_THE RECORDS_

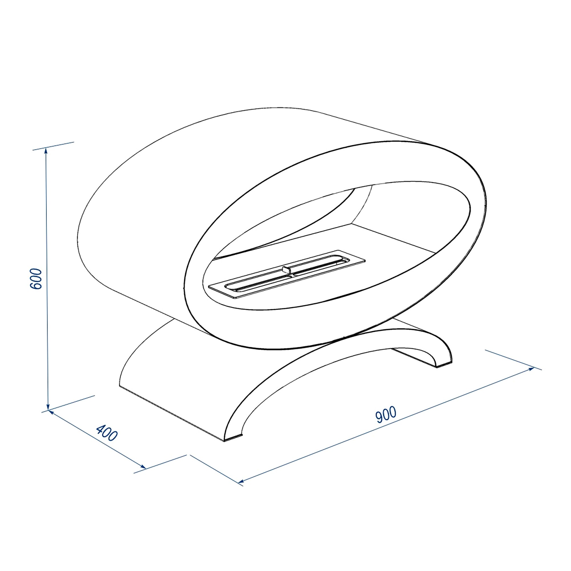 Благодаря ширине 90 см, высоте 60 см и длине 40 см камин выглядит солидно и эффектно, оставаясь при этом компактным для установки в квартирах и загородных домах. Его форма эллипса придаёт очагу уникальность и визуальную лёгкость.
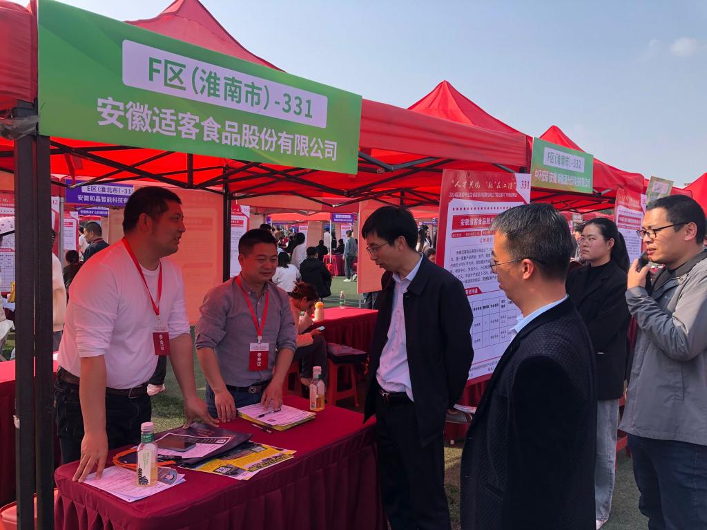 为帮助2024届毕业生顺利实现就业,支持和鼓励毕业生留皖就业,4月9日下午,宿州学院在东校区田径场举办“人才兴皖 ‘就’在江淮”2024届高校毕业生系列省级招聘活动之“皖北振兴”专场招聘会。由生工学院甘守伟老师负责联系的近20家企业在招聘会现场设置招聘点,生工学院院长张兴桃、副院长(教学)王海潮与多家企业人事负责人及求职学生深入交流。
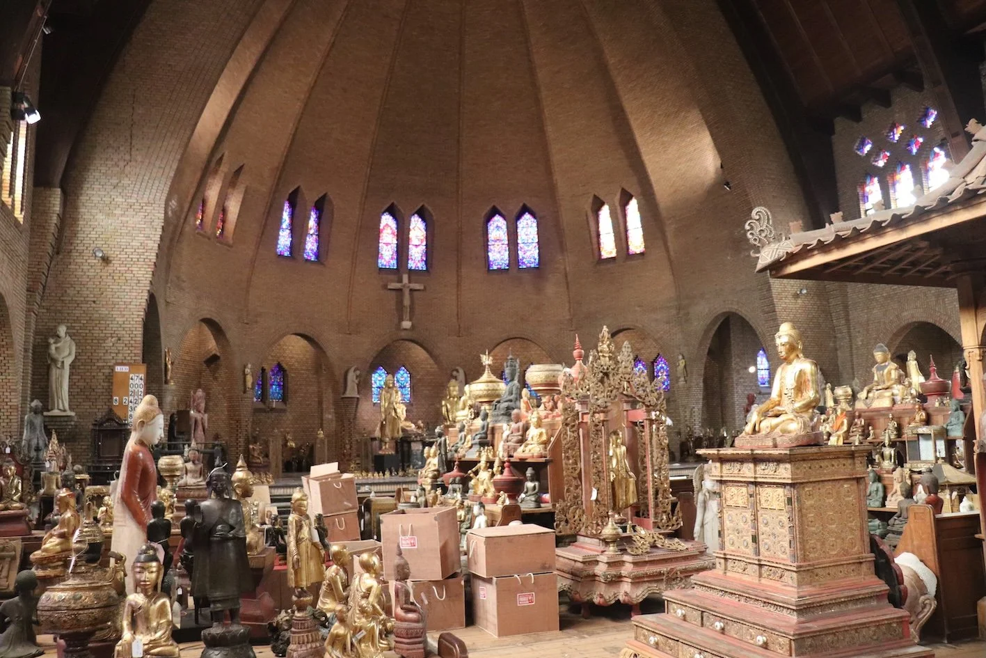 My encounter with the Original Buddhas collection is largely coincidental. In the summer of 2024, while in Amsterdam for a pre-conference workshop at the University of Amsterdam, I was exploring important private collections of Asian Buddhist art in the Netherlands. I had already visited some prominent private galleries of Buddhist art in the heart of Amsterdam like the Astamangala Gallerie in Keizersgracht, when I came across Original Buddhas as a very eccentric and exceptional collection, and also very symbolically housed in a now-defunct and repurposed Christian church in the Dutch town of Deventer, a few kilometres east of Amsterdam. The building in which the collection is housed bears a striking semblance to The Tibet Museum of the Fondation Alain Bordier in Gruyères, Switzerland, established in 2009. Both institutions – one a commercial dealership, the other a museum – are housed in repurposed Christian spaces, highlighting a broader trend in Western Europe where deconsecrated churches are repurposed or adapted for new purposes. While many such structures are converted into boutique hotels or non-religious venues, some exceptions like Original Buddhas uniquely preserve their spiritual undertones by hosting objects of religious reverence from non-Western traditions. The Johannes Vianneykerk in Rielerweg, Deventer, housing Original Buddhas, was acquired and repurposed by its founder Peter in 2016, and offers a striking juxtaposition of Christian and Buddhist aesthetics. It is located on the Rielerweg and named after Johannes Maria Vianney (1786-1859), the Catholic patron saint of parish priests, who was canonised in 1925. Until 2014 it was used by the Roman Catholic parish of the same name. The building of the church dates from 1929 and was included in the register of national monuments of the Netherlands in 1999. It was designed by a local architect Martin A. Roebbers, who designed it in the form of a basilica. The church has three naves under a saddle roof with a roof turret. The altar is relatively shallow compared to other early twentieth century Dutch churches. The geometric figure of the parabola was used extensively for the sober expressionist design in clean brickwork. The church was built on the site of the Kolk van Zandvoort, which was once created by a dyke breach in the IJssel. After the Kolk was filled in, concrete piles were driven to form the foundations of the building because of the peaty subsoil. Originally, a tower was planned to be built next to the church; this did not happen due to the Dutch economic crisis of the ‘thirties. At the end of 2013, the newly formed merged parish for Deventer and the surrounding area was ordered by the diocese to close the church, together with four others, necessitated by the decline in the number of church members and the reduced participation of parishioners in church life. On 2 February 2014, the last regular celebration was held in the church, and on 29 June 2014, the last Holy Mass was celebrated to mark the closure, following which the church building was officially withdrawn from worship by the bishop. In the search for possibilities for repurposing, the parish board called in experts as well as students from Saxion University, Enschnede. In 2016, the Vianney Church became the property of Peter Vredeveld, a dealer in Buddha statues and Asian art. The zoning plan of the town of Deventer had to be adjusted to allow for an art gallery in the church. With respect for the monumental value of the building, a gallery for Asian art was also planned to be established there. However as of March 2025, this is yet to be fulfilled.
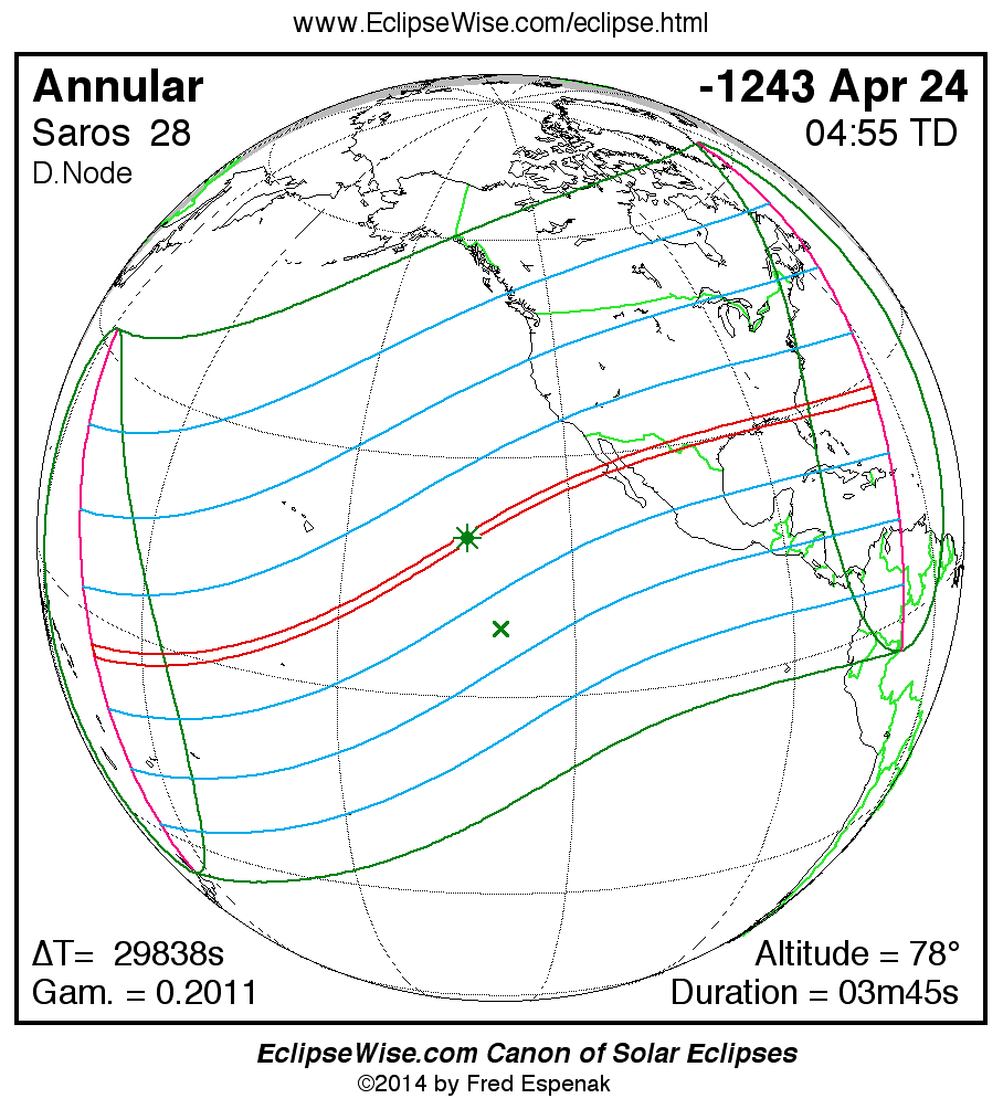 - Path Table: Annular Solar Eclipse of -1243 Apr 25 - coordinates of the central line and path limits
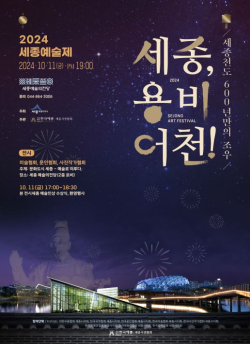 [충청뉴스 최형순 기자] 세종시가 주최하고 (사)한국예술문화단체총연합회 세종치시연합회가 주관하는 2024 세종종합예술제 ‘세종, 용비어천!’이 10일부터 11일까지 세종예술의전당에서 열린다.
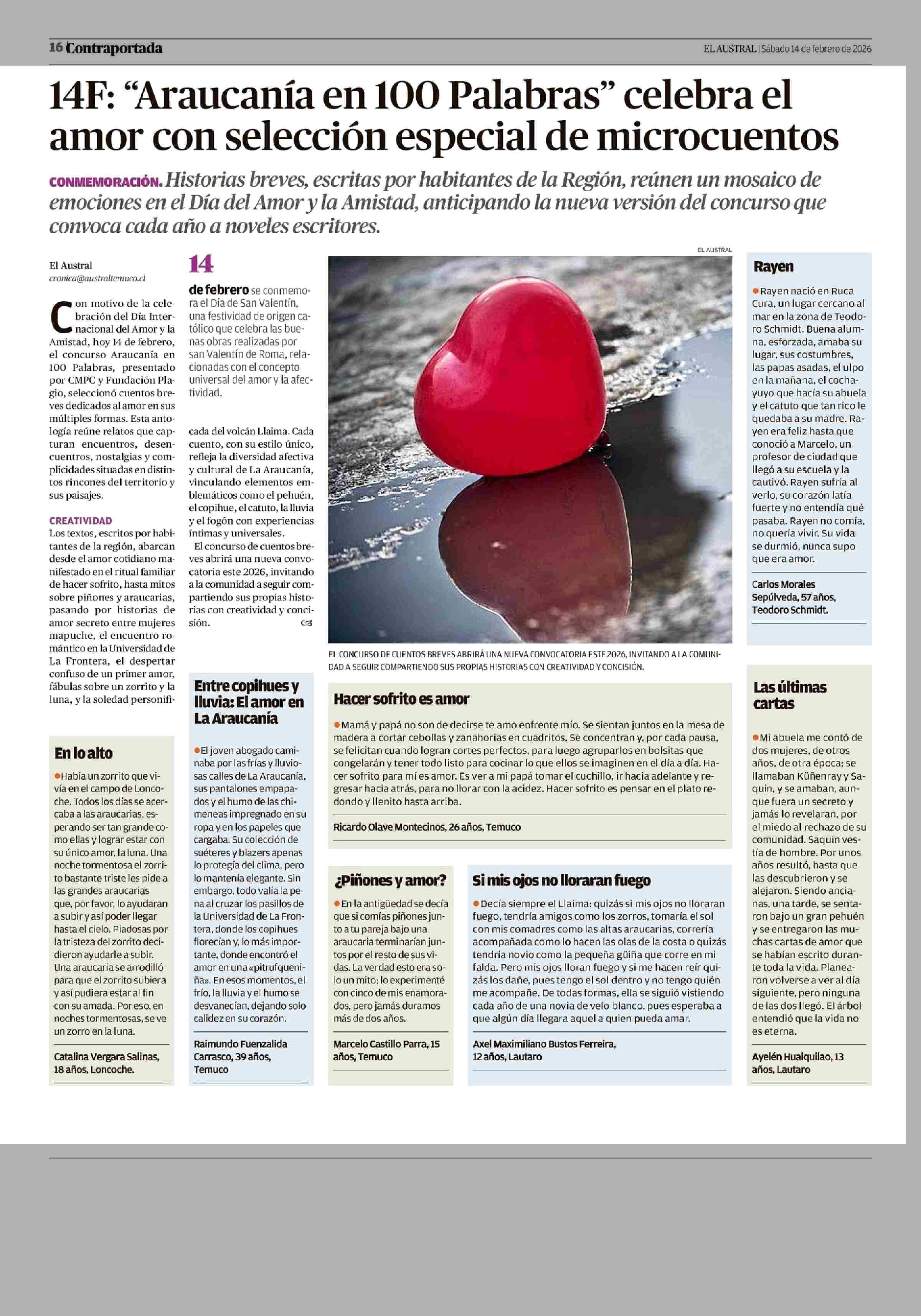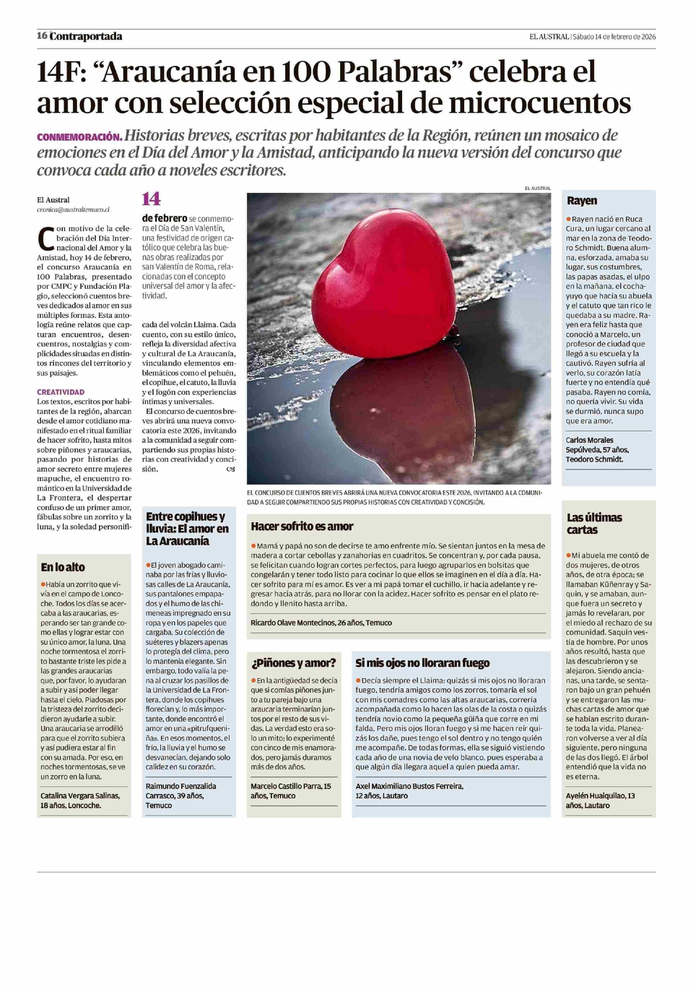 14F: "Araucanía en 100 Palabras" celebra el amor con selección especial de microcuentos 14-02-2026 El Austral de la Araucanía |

_TASK TO CARRY OUT_
Could you copy, exactly and with no pictures, each line from the first one above to the line holding "为帮助2024届毕业生顺利实"?

_YOUR RESPONSE_
 Благодаря ширине 90 см, высоте 60 см и длине 40 см камин выглядит солидно и эффектно, оставаясь при этом компактным для установки в квартирах и загородных домах. Его форма эллипса придаёт очагу уникальность и визуальную лёгкость.
 为帮助2024届毕业生顺利实现就业,支持和鼓励毕业生留皖就业,4月9日下午,宿州学院在东校区田径场举办“人才兴皖 ‘就’在江淮”2024届高校毕业生系列省级招聘活动之“皖北振兴”专场招聘会。由生工学院甘守伟老师负责联系的近20家企业在招聘会现场设置招聘点,生工学院院长张兴桃、副院长(教学)王海潮与多家企业人事负责人及求职学生深入交流。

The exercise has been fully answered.